**** COLLECTED DATA

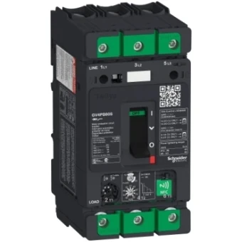 TeSys GV - Vermogensschakelaar - 3P - 80A/690V - Voor beveiliging van 3-fase motoren: 22-37kW@400V. De multifunctionele vermogenschakelaar die voldoet aan UL489 biedt thermische magnetische beveiliging en geavanceerde motorbeveiliging, uitschakelvermogen Icu 100kA@400V, startstop met schakelaar, aansluiting met Everlink BTR schroefklemmen. Thermische beveiliging instelbaar via wijzerschalen met een instelstroom Ir in bereik 40-80A, een selecteerbare uitschakelklasse 10 of 20, nominale uitschakelstroom 125%, magnetische beveiliging bij 17 In. Geavanceerde beveiligingen zijn aanpasbaar met een smartphone die gebruik maakt van een draadloze NFC en omvatten korte-termijnbescherming Isd met een instelbereik van 5-13 Ir, faseonbalans en verliesbescherming, aardfoutbeveiliging, vergrendelde rotor (jam), lange start. Deze kaart stelt interne locaties beschikbaar voor extra hulpcontactblokken (OF, SD) en spanningsuitschakelunits (MN, MX). De UPS kan extern worden uitgerust met 1 of 2 extra SDx-
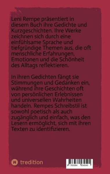Gedichte und Geschichten aus dem alltäglichen Leben. Gedanken und Gefühle werden eingefangen und kritische Themen wie Krieg, Liebe und Zukunft werden verarbeitet.
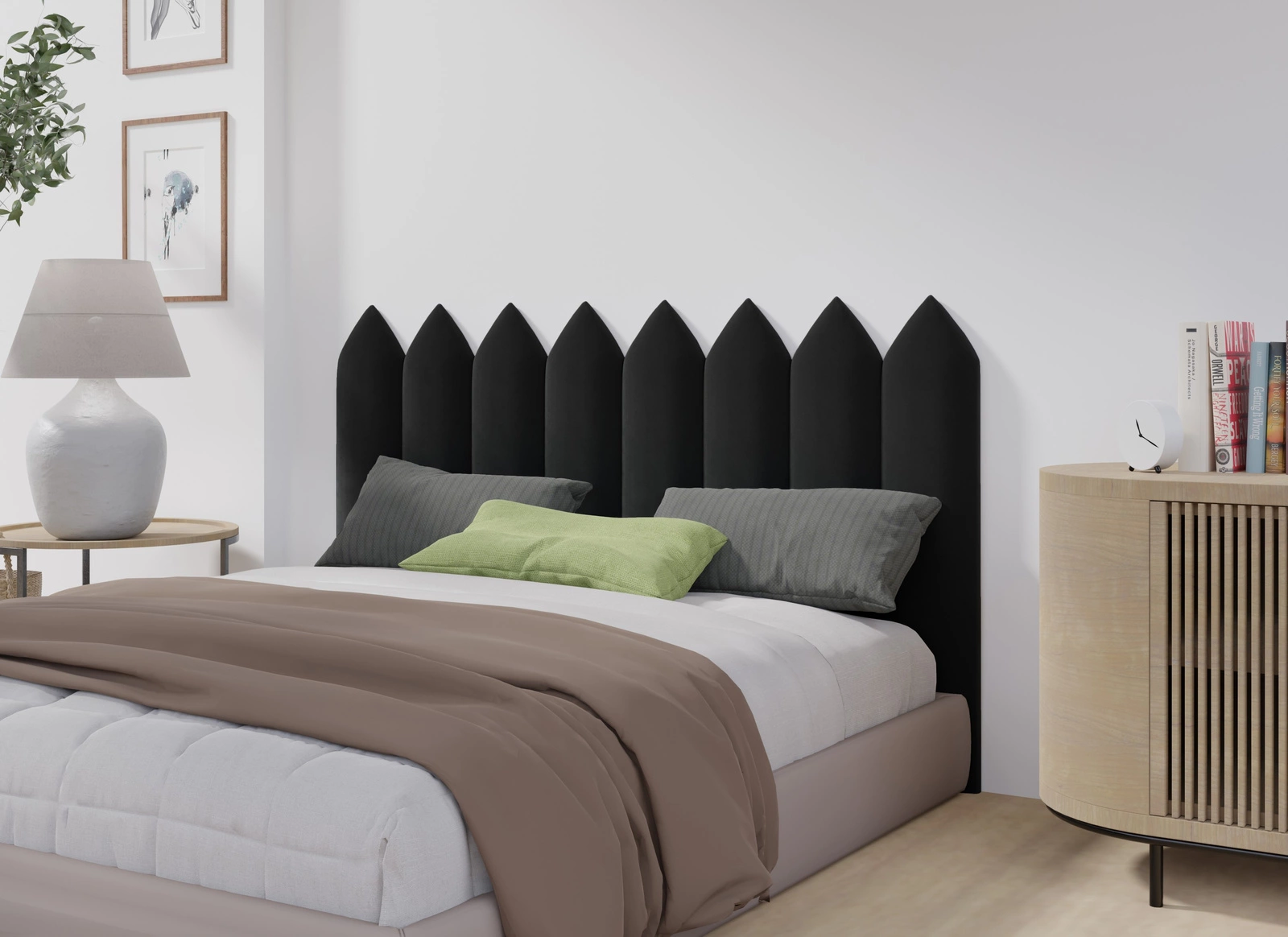 Panele tapicerowane w kształcie szpiczastego płotka można łatwo dopasować do różnych aranżacji dzięki szerokiej gamie kolorystycznej, tworząc przytulną i ciepłą atmosferę w pokoju dziecięcym. Ich unikalny wzór, przypominający płotek, wprowadza przyjazny, bajkowy klimat, który pobudza wyobraźnię dziecka. Dodatkowo, panele te tłumią hałas, co sprzyja spokojnemu odpoczynkowi i wyciszeniu przestrzeni.
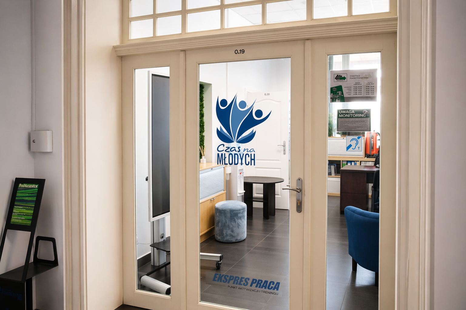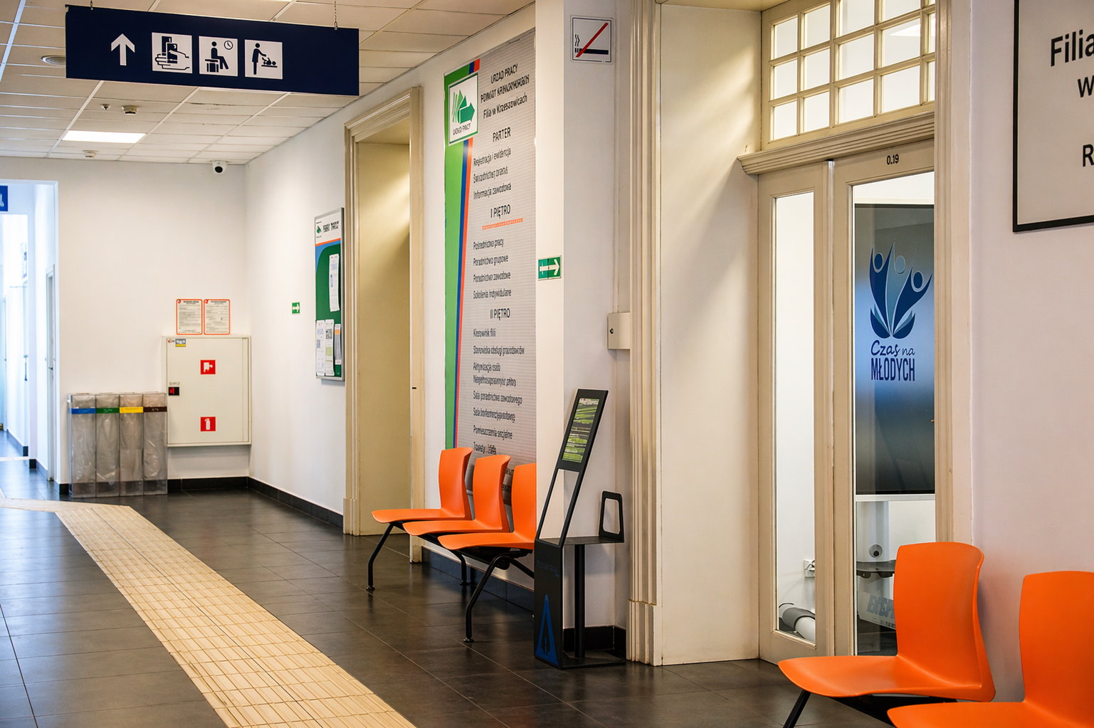 EKSPRES PRACA to przestrzeń zaprojektowana w nowoczesnym stylu, przypominająca bardziej strefę co-workingową lub klub młodzieżowy niż typową instytucję.

********

ACTIVITY: Repeat the lines above, starting at the first and stopping after the line that holds "Gedichte und Geschichten", with the pictures left out.

TASK SOLUTION:
 TeSys GV - Vermogensschakelaar - 3P - 80A/690V - Voor beveiliging van 3-fase motoren: 22-37kW@400V. De multifunctionele vermogenschakelaar die voldoet aan UL489 biedt thermische magnetische beveiliging en geavanceerde motorbeveiliging, uitschakelvermogen Icu 100kA@400V, startstop met schakelaar, aansluiting met Everlink BTR schroefklemmen. Thermische beveiliging instelbaar via wijzerschalen met een instelstroom Ir in bereik 40-80A, een selecteerbare uitschakelklasse 10 of 20, nominale uitschakelstroom 125%, magnetische beveiliging bij 17 In. Geavanceerde beveiligingen zijn aanpasbaar met een smartphone die gebruik maakt van een draadloze NFC en omvatten korte-termijnbescherming Isd met een instelbereik van 5-13 Ir, faseonbalans en verliesbescherming, aardfoutbeveiliging, vergrendelde rotor (jam), lange start. Deze kaart stelt interne locaties beschikbaar voor extra hulpcontactblokken (OF, SD) en spanningsuitschakelunits (MN, MX). De UPS kan extern worden uitgerust met 1 of 2 extra SDx-
Gedichte und Geschichten aus dem alltäglichen Leben. Gedanken und Gefühle werden eingefangen und kritische Themen wie Krieg, Liebe und Zukunft werden verarbeitet.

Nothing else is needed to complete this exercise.